00:21Ich bin Jan Post-Basil und beschäftige mich seit gut 10, 15 Jahren mit sudanesischer und
00:27sudanesischer Politik und bin so auch in die Dialog- und Mediationsprozesse involviert worden,
00:34im Speziellen in Bezug auf Sudan.
00:40Was passiert im Moment im Sudan? Es ist ein Krieg zwischen zwei militärischen Fraktionen.
00:47Auf der einen Seite die sudanesische Armee, Sudanese Armed Forces, generell mit SAF abgekürzt,
00:52die eigentlich die Geschicke des Sudans seit der Unabhängigkeit in den 50er Jahren
00:56mehr oder minder ununterbrochen im Griff gehabt haben.
01:00Auf der anderen Seite eine Miliz, die sogenannten Rapid Support Forces, RSF,
01:05die aus den darfurischen sogenannten Janjavid-Milizen hervorgegangen sind,
01:10die speziell Mitte der 2000er Jahre die Drecksarbeit eigentlich für die Armee
01:15und die damalige sudanesische Diktatur in Daffur erledigt haben,
01:19indem sie die darfurischen Widerstandsbewegungen bekämpft haben
01:22und dabei eigentlich genositale Handlungen begangen haben.

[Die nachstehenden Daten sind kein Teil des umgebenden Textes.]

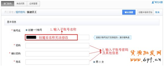 如圖8,在菜單員工管理>部門結構下點擊新建員工,按照圖8提示將員工和子賬號信息錄入即可。
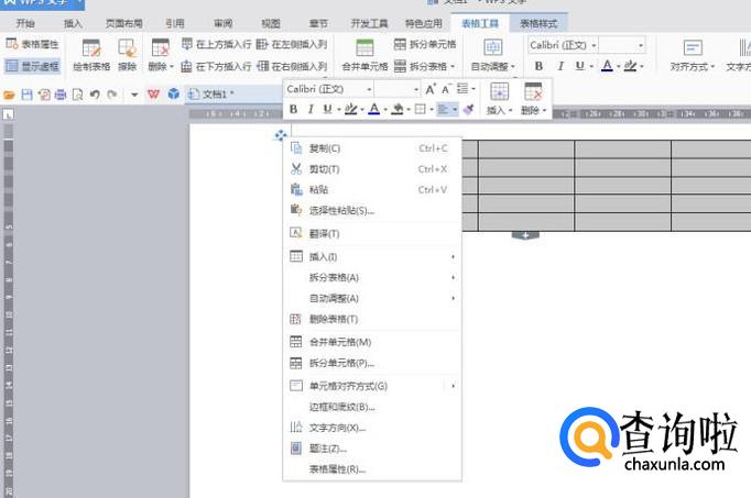 插入表格后,选中表格点击鼠标右键,选择“表格属性进入”,或选中表格在“表格工具——表格属性”进入。
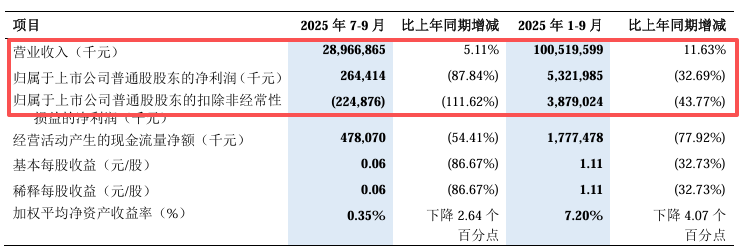 单看第三季度,公司营收为289.67亿元,同比增长5.11%;归母净利润为2.64亿元,同比暴跌87.84%;扣非净利润为-2.25亿元,相较于去年的19.35亿元暴跌111.62%。公司陷入增收不增利的局面,盈利能力大幅下降。
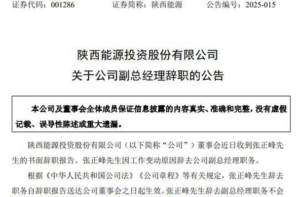 陕西能源投资股份有限公司(简称:陕西能源)近日公告称,公司董事会近日收到张正峰先生的书面辞职报告。张正峰先生因工作变动原因辞去公司副总经理职务。 陕西能源是陕西投资集团有限公司控股的大型煤电一体化企业,是国务院国资委确定的第一批深化国企改革“双百企业”。 近年来,陕西能源致力于煤炭清洁高效开采与电力绿色转化,...
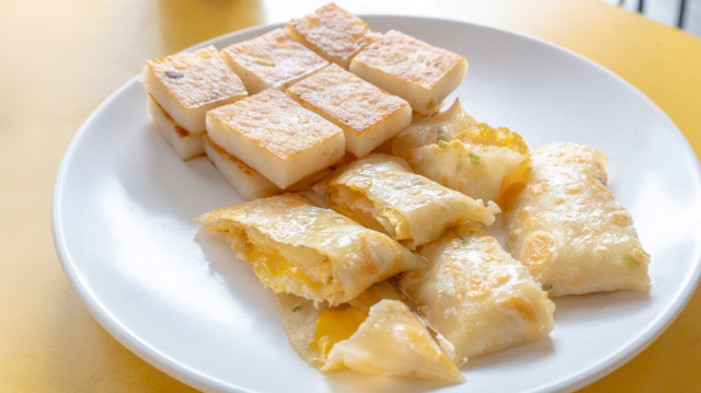 朝食では、「蛋餅(ダンビン)」という台湾風クレープや、「豆漿(ドウジャン)」という豆乳、「油條(ヨウティアオ)」という揚げパンなどを楽しむことができます。
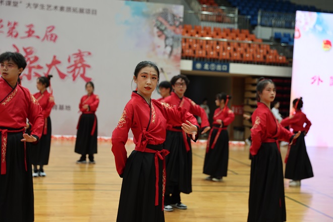 第五届戏曲广播操大赛在学校体育馆顺利举行。我院共40名同学组队参赛,从全校16支参赛队伍中脱颖而出,以均分9.6分的好成绩荣获大赛二等奖,并获得优秀编排奖。

01:38Also eigentlich eine bizarre Situation, dass zwei verbündete Milizen und zwei Militärs gegeneinander kämpfen.
01:46Das hat aber vor allem Gründe, die sich aus der Revolution 2019 und dann der Neukonfiguration
01:52der sudanesischen politischen und militärischen Kräfte nach dem Zerfall der Diktatur ergeben haben,
02:00wo aus den zwei ehemals verbündeten Kräften erbittete Gegner geworden sind.
02:05Am Anfang des Krieges hat der ASF eben Khartoum, die Hauptstadt, eingenommen,
02:08was zum ersten Mal in der Geschichte des Sudan zu kämpfen direkt in Khartoum geführt hat,
02:12was zu starken Flüchtlingsbewegungen in eigentlich alle Nachbarländer geführt hat.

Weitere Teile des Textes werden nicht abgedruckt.